------ Entries supplied ------

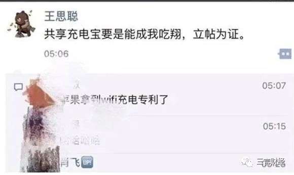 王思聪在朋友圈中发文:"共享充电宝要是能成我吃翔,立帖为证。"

------
------ Entries supplied ------

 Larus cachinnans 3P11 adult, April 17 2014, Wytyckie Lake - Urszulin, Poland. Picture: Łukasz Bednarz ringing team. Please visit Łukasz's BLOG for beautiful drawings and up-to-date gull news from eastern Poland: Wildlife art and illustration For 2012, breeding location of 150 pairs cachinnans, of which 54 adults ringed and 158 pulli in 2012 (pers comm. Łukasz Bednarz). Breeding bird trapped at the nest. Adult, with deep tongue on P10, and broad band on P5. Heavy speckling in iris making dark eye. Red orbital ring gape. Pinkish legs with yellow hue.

------
------ Entries supplied ------

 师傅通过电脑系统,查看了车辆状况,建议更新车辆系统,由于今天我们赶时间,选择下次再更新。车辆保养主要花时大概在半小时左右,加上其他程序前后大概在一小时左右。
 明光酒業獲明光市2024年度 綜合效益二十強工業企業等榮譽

------

**Activity:** All that is needed is the exact run of lines above from the line containing "师傅通过电脑系统,查看了车辆" through the line containing "明光酒業獲明光市2024年度 綜合效益二十強工業企業等榮譽", both of them included.

**Answer section:**
 师傅通过电脑系统,查看了车辆状况,建议更新车辆系统,由于今天我们赶时间,选择下次再更新。车辆保养主要花时大概在半小时左右,加上其他程序前后大概在一小时左右。
 明光酒業獲明光市2024年度 綜合效益二十強工業企業等榮譽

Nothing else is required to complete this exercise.